Friday, November 26, 2010

[Silence MODE…]

I’m making the biggest history today…for my self actually. I even didn’t realize it. Suddenly, it does happen…2 ½ year working, I’m never wear ‘baju kurung’ on Friday, usually I’m wearing blouse. Its actually my habit since study, coz normally, I didn’t have any class on Friday or maybe just have one class in the morning, so, usually, I’m wearing blouse or t-shirt on that day when I’m going to faculty. Its just happen like that..and become a habit.

Honestly, I’m not mentally normal today. That’s maybe the reason. I just pick up the next ‘baju kurung’ I should wear. (Well, I’m actually a systematic person, usually, I follow the sequence..). Suppose, I pick up the next blouse…or maybe, I forget today is Friday already.

Then, I deeply thinking…sometimes, people didn’t realize. They might do the unusual things when their mind is not feeling well…haha..it just happen to me. What can I say? ...nothing. Coz I already sit in front of my PC, wearing ‘baju kurung’ today. Lets bygone..be bygone. Its doesn’t matter, as long as I’m wearing the proper dress, right.

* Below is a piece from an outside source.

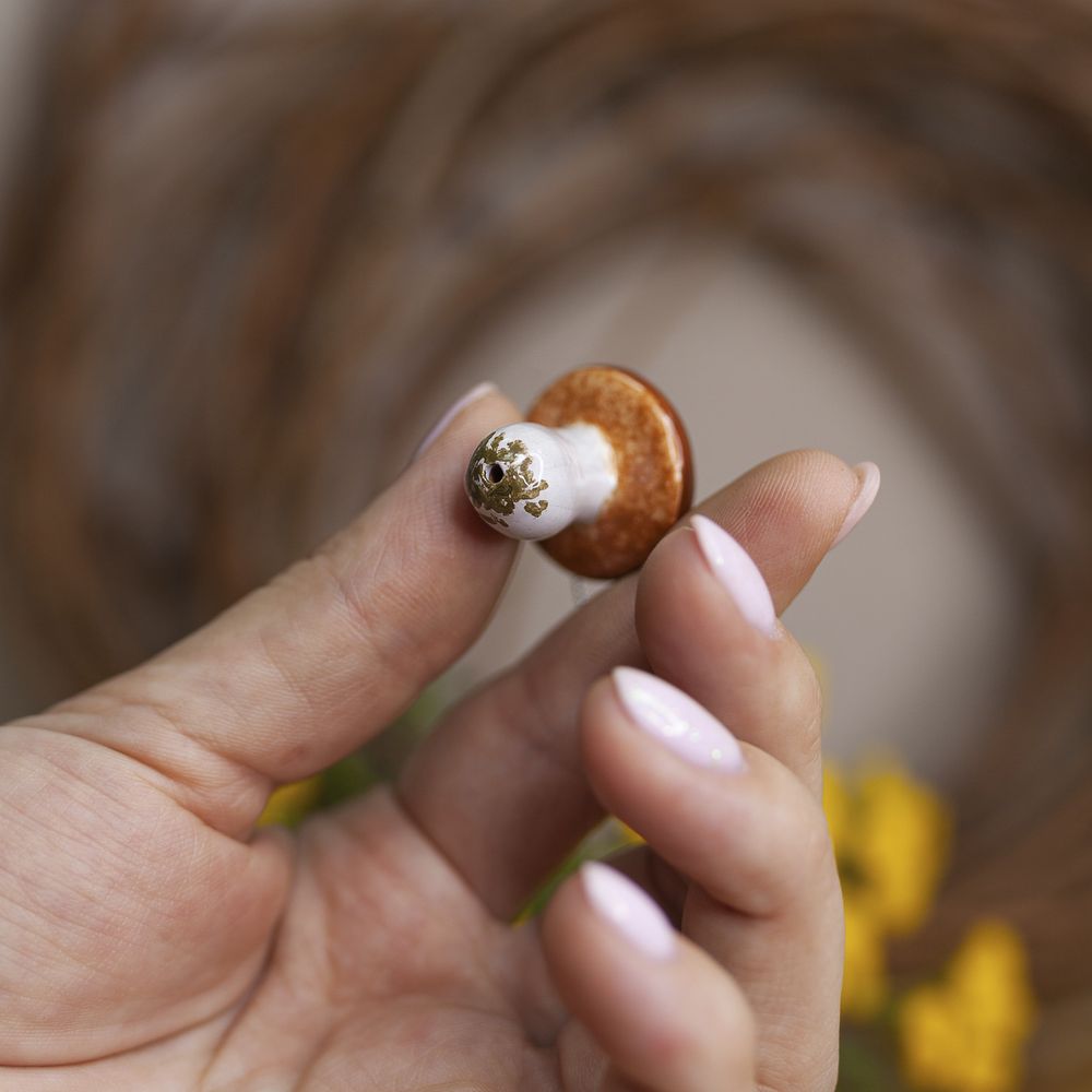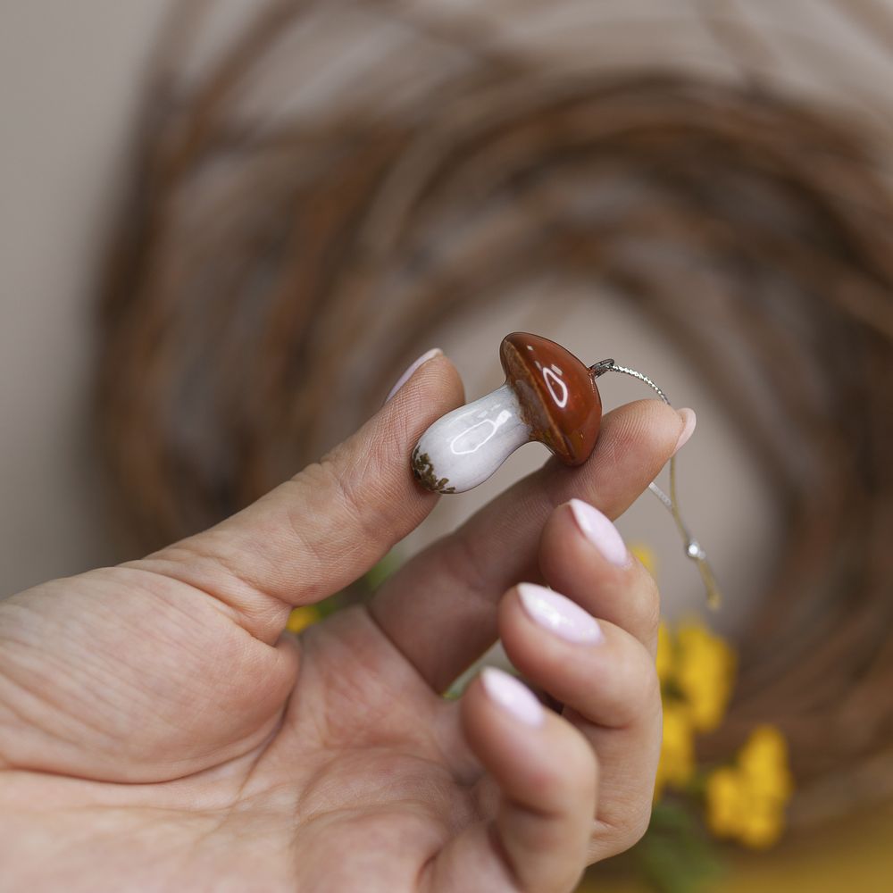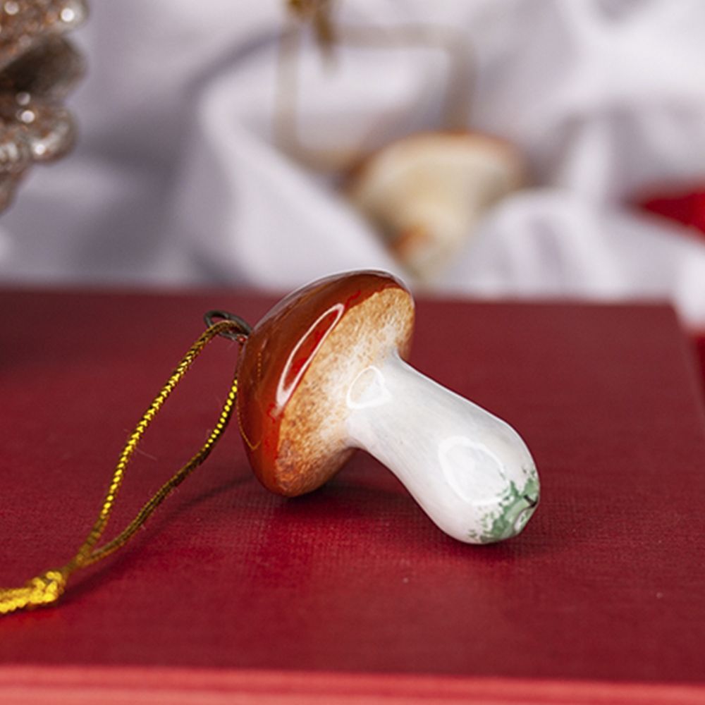 Подвес “”Подберезовик”” выполнен в технике майолика, украшен ручной художественной росписью и входит в коллекцию украшений “”Для маленькой ёлочки””. Этот очаровательный гриб подберезовик, который с удовольствием кладут в корзину любители “”тихой охоты””, будет интересным украшением для вашей маленькой новогодней елочки. “”Гриб подберезовик”” также станет прекрасным и милым подарком для ваших близких и друзей. Соберите всю коллекцию мини-украшений, чтобы малышка-елочка была самой красивой и нарядной.”

The problem is, what’s I’m thinking of right now…for this time being, there is no solution yet. Or maybe, got already, but I’m not sure whether the solution is the best or not…I keep thinking that in every second of time since last night. Surely, I can’t sleep well…++ I’m also dreaming an awful thing. Huh…terrible. It’s so troublesome. But the truth is there…I have to face it, whatever it is. I feel relieve a bit, coz I’m not do anything awful yet. Hope, it will never happen.. But, totally I’m not stable yet, I had just quarreled with someone..coz he did not call me back, telling me he can’t make it. He supposes to call me, so I can ask somebody else to do the job. Its totally urgent, cause I need to submit the document by today, I keep calling him since Monday, and he promise to make it. Just now, he told me, he got another job, that’s why he can’t make it…if that’s the reason, he should not promise me at the first place. He make me angry..totally. It is not my company, it’s your company. You should responsible…(it is another story from above…it just cause & effect relationship..hehe..).

Ok done..maybe, I need to be calm…its ok if I feel angry with the right person. It is totally not okay, if I suddenly angry with other person. But, surely, never mess up with me for this time being, cause, I’m not sure I can control my emotions…huhu…but, I have problem in determination of my anger…silence mode, it’s usually I’m doing. Or maybe crying….haha…that’s the best solution, right. ~

# May Allah Bless us….ujian itu kaffarah dosa. Jika itu takdirnya, kami redha…moga, kau kurniakan kami kekuatan untuk menghadapinya. Kerna, hanya Kau Yang Berkuasa atas segalanya.